BEGIN

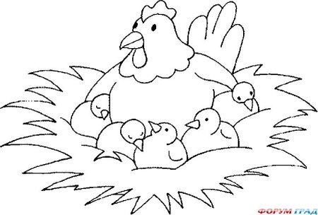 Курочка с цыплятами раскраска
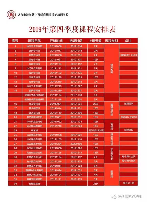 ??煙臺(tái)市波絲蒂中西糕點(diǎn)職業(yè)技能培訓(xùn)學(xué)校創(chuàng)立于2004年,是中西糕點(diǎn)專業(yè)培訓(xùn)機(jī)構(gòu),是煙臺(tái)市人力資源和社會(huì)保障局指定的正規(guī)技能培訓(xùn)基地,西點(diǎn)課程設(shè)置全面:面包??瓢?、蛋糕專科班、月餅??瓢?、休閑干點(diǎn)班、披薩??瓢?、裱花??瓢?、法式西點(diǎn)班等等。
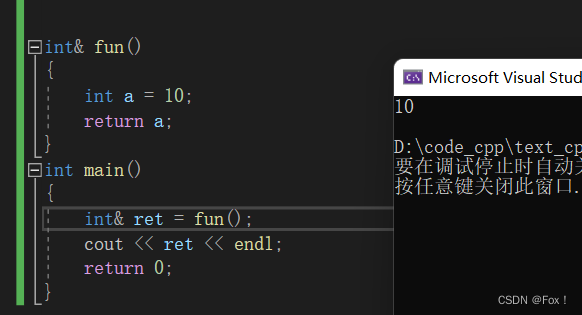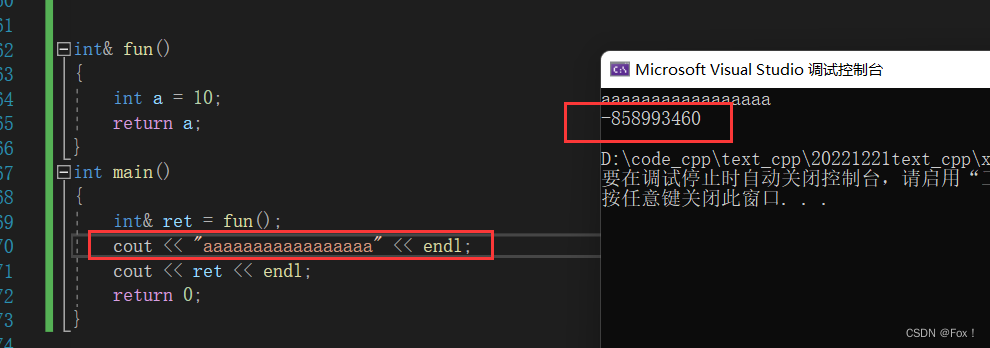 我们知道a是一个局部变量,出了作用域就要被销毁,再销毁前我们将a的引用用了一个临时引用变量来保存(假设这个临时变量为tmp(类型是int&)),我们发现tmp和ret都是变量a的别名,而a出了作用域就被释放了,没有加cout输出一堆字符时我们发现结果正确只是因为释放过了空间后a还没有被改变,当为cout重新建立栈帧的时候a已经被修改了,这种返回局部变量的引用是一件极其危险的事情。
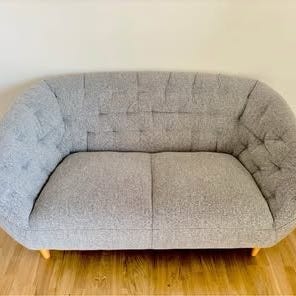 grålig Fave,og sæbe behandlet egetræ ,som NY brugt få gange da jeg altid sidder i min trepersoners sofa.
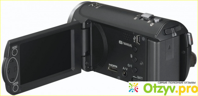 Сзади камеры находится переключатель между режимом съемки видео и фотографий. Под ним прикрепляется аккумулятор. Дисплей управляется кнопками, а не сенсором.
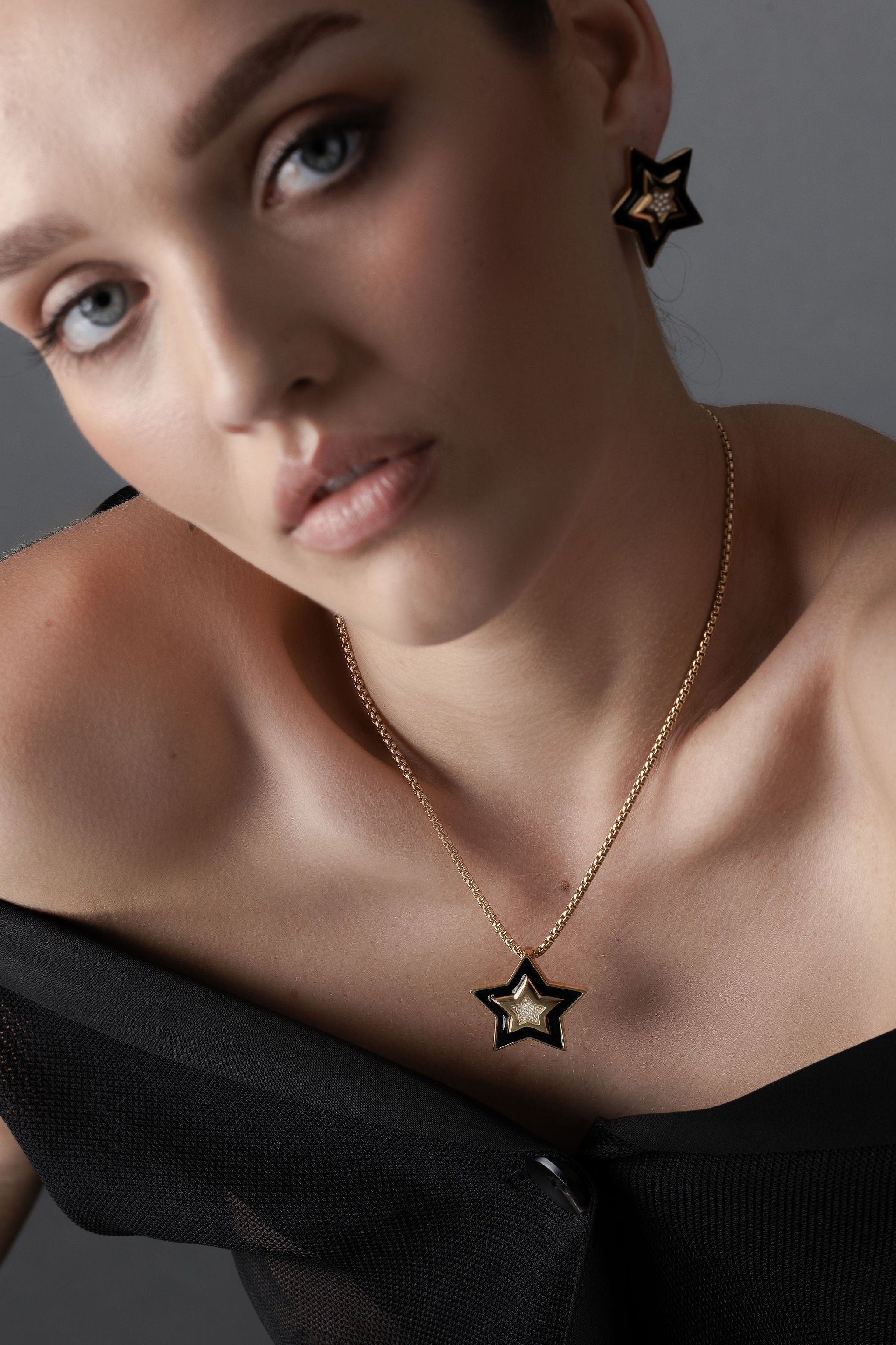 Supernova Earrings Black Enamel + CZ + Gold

END

Aim of the task:
In full and without changes, repeat the listing above, but not its pictures.

Result below:
 Курочка с цыплятами раскраска
 ??煙臺(tái)市波絲蒂中西糕點(diǎn)職業(yè)技能培訓(xùn)學(xué)校創(chuàng)立于2004年,是中西糕點(diǎn)專業(yè)培訓(xùn)機(jī)構(gòu),是煙臺(tái)市人力資源和社會(huì)保障局指定的正規(guī)技能培訓(xùn)基地,西點(diǎn)課程設(shè)置全面:面包??瓢?、蛋糕專科班、月餅??瓢?、休閑干點(diǎn)班、披薩??瓢?、裱花??瓢?、法式西點(diǎn)班等等。
 我们知道a是一个局部变量,出了作用域就要被销毁,再销毁前我们将a的引用用了一个临时引用变量来保存(假设这个临时变量为tmp(类型是int&)),我们发现tmp和ret都是变量a的别名,而a出了作用域就被释放了,没有加cout输出一堆字符时我们发现结果正确只是因为释放过了空间后a还没有被改变,当为cout重新建立栈帧的时候a已经被修改了,这种返回局部变量的引用是一件极其危险的事情。
 grålig Fave,og sæbe behandlet egetræ ,som NY brugt få gange da jeg altid sidder i min trepersoners sofa.
 Сзади камеры находится переключатель между режимом съемки видео и фотографий. Под ним прикрепляется аккумулятор. Дисплей управляется кнопками, а не сенсором.
 Supernova Earrings Black Enamel + CZ + Gold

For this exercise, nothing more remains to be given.